(COLLECTED DATA)
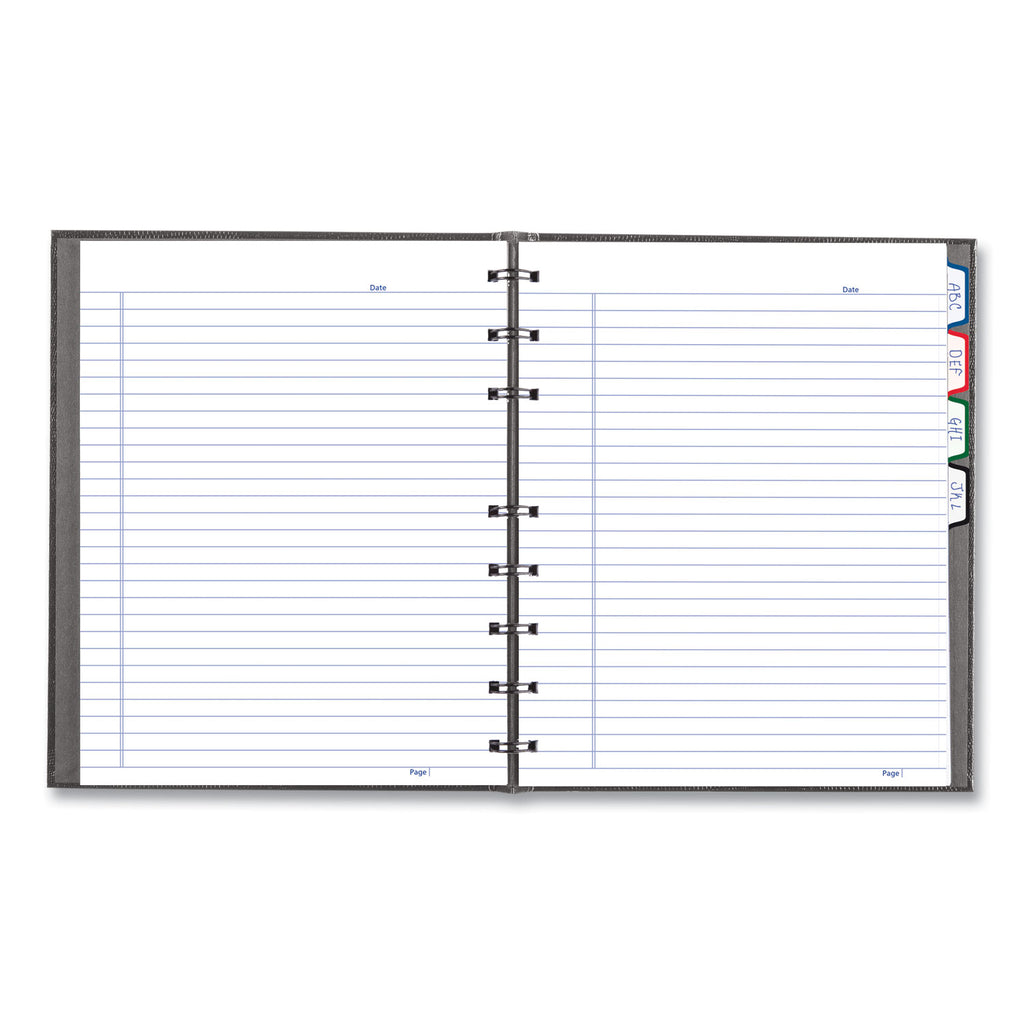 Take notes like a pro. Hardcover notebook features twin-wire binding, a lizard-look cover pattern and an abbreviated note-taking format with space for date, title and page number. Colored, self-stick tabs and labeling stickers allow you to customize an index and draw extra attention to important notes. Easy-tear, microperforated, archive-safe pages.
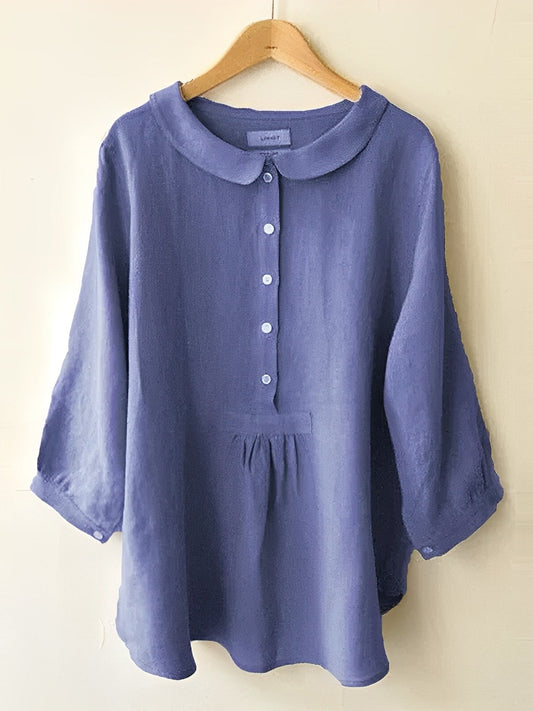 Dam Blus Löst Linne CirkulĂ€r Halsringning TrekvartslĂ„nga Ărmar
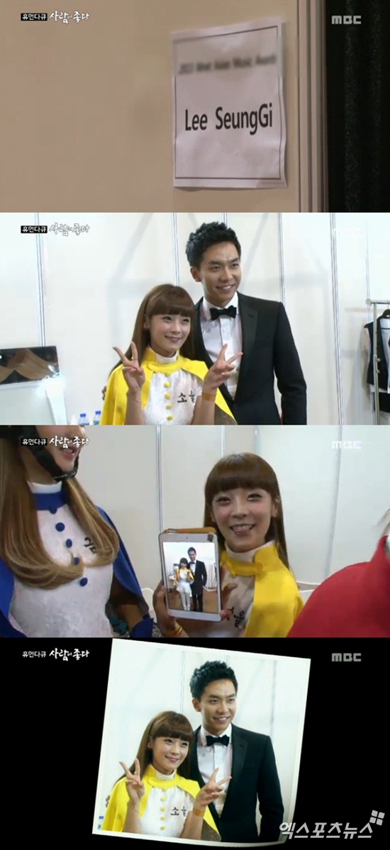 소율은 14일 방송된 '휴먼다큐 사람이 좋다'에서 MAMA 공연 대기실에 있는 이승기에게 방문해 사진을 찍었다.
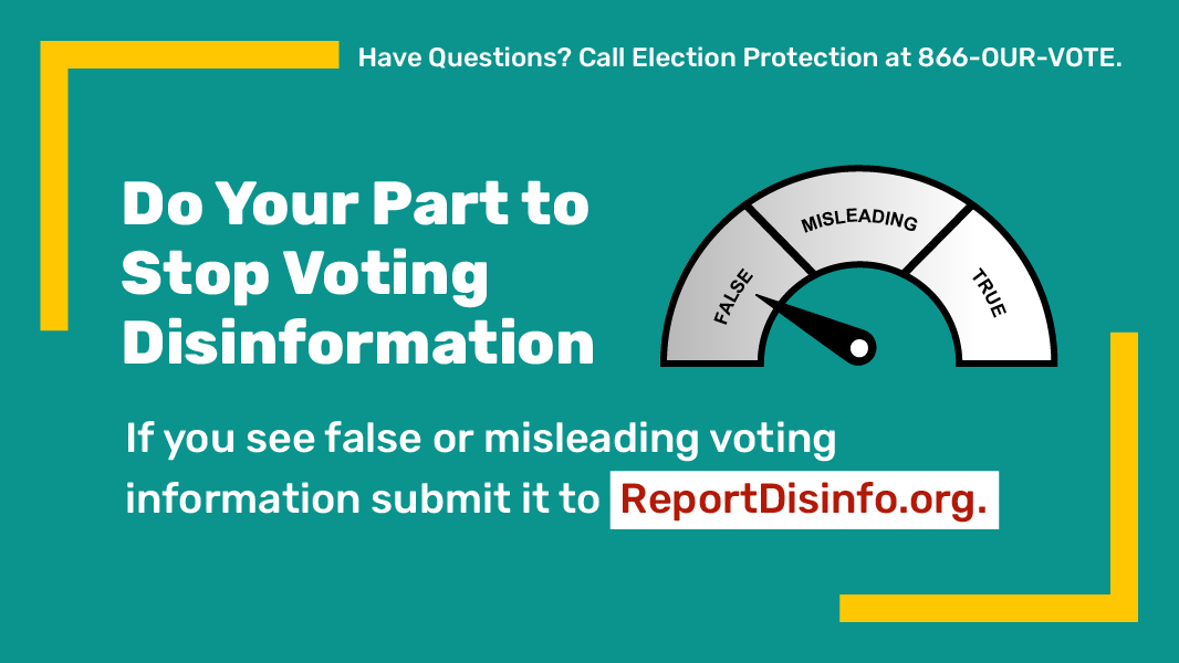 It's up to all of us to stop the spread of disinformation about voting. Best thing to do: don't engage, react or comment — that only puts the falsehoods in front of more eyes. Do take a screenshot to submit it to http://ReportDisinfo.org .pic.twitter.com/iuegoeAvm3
(End COLLECTED DATA)
### TASK REQUIREMENTS
All of the material above should be written out exactly as given, minus any images.

### ANSWER AREA
 Take notes like a pro. Hardcover notebook features twin-wire binding, a lizard-look cover pattern and an abbreviated note-taking format with space for date, title and page number. Colored, self-stick tabs and labeling stickers allow you to customize an index and draw extra attention to important notes. Easy-tear, microperforated, archive-safe pages.
 Dam Blus Löst Linne CirkulĂ€r Halsringning TrekvartslĂ„nga Ărmar
 소율은 14일 방송된 '휴먼다큐 사람이 좋다'에서 MAMA 공연 대기실에 있는 이승기에게 방문해 사진을 찍었다.
 It's up to all of us to stop the spread of disinformation about voting. Best thing to do: don't engage, react or comment — that only puts the falsehoods in front of more eyes. Do take a screenshot to submit it to http://ReportDisinfo.org .pic.twitter.com/iuegoeAvm3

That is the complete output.